_Work item_. The lines wanted are those from the one containing "This has allowed" to the last line of the entries below; output them exactly, leaving out pictures.

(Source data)
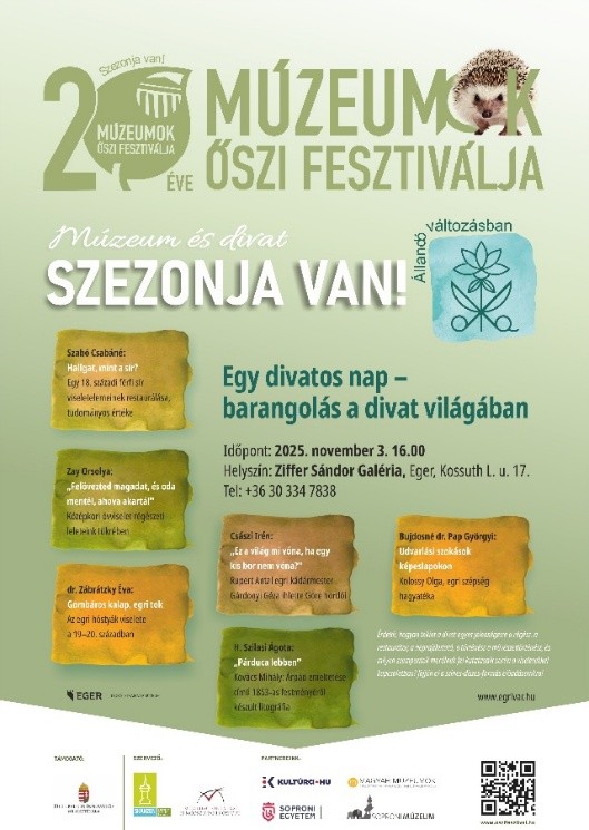 A korábbi évekhez hasonlóan múzeumunk idén is csatalakozott a Múzeumok Őszi Fesztiválja országos rendezvénysorozathoz, mely idén a Szezonja van! mottóval kerül megrendezésre és elsősorban a divat körforgására fókuszál, de egyéb tematikus egységek, mint például a múzeumi kulisszatitkok, őszbúcsúztató, múzeumi szünetelő programkínálatunkból is válogathatnak az érdeklődők. Reméljük, mindenki megtalálja a kedvére valót!
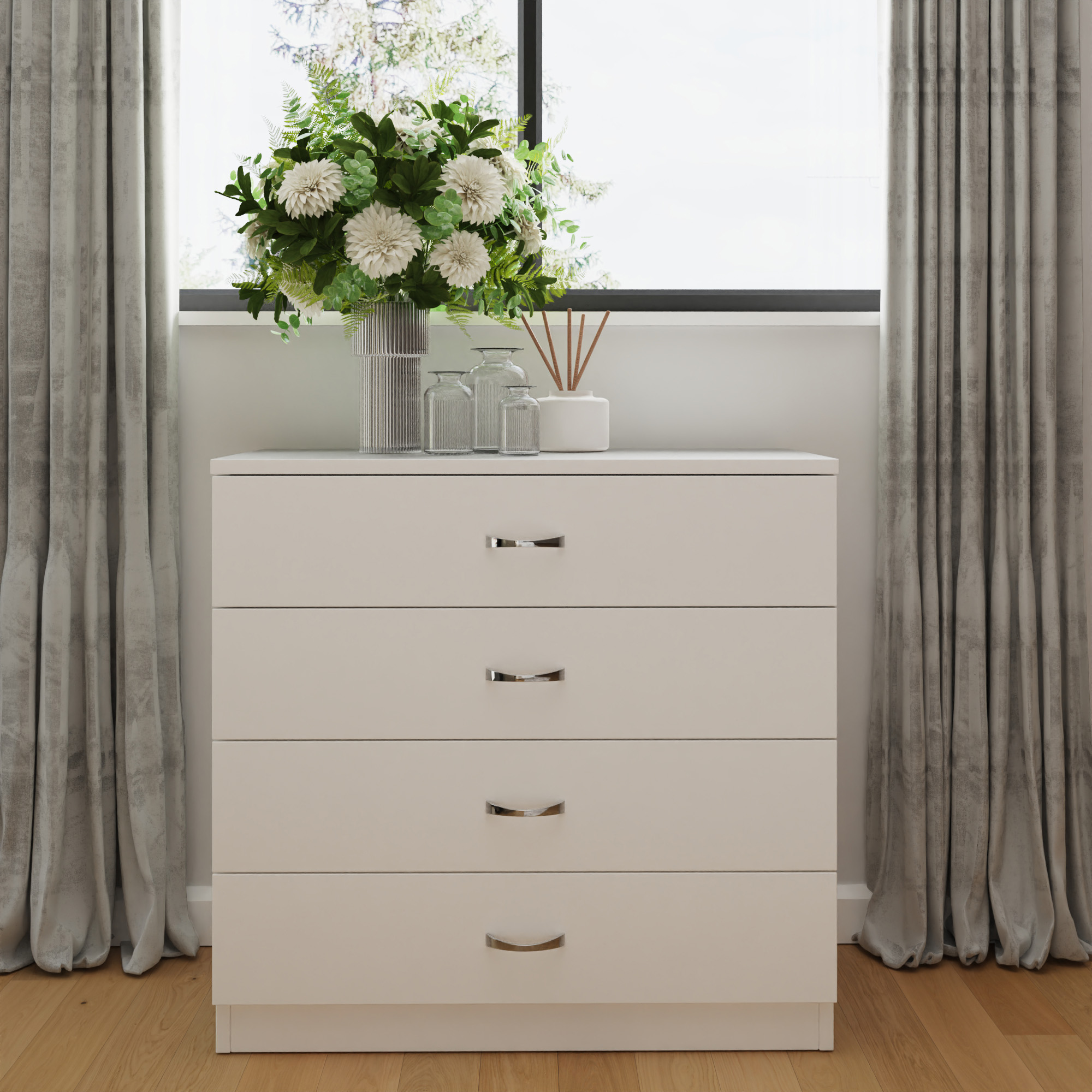 Bring order, style, and practicality to your bedroom with the Promo 4 Drawer Chest of Drawers a beautiful balance of form and function designed to make everyday living simpler. Perfect for anyone who values a clean, well organised space, this chest combines generous storage with a calm, modern aesthetic that instantly enhances any room.
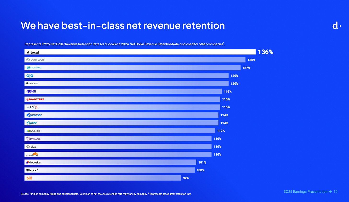 This has allowed the company to enjoy an industry leading 149% NRR, indicating that existing customers are increasing their spending with dLocal year after year by adding more products and launching in new countries.
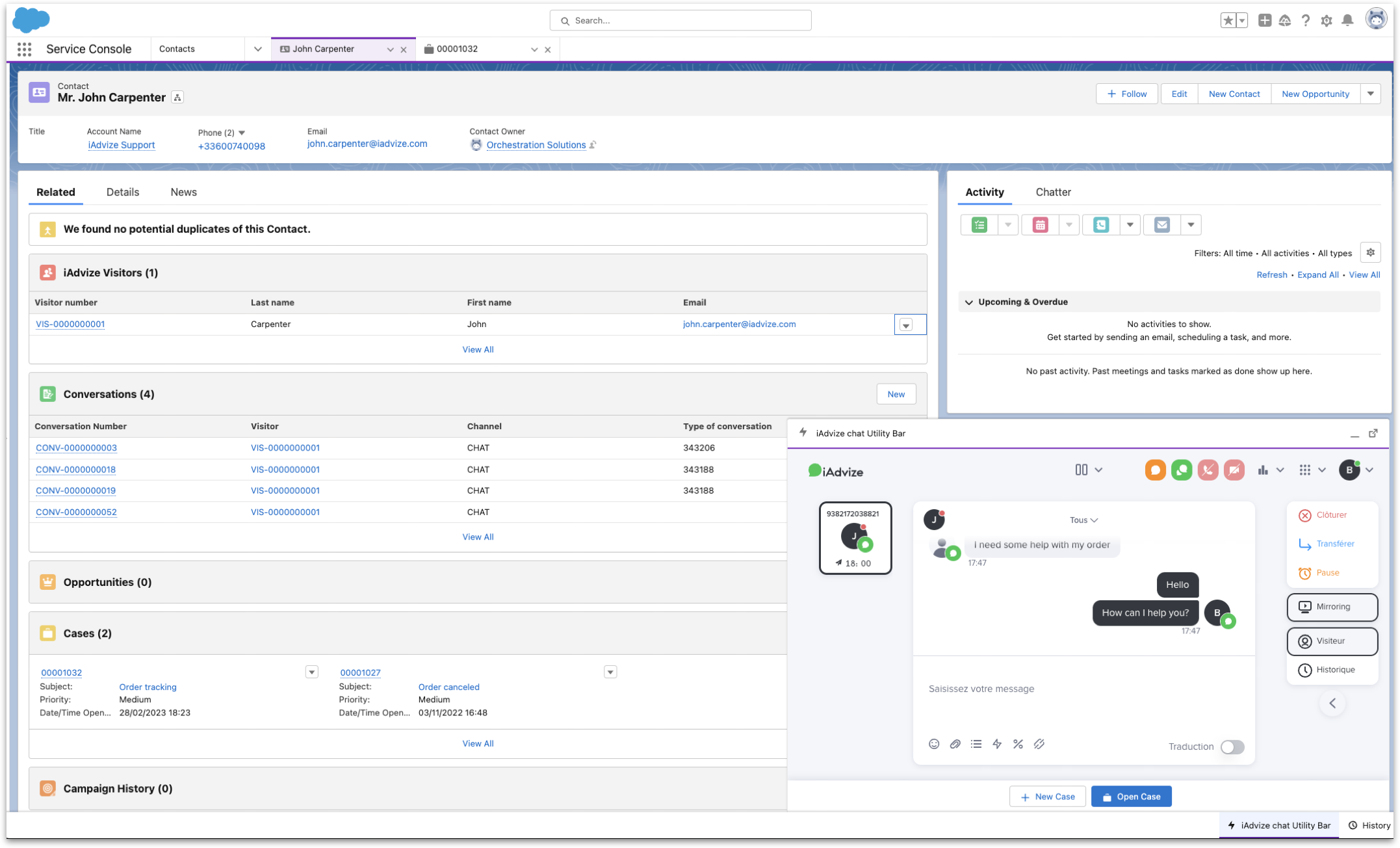 * Synchronize the iAdvize Conversation Transcripts with Salesforce Service Cloud. ​​- Synchronize the files shared during conversations you have with your website visitors
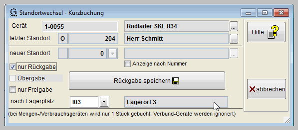 Mit der Option NUR RÜCKGABE wird die vorherige Ausgabe beendet und das Gerät wieder auf das „Lager gebucht“.

_Task output_.
 This has allowed the company to enjoy an industry leading 149% NRR, indicating that existing customers are increasing their spending with dLocal year after year by adding more products and launching in new countries.
 * Synchronize the iAdvize Conversation Transcripts with Salesforce Service Cloud. ​​- Synchronize the files shared during conversations you have with your website visitors
 Mit der Option NUR RÜCKGABE wird die vorherige Ausgabe beendet und das Gerät wieder auf das „Lager gebucht“.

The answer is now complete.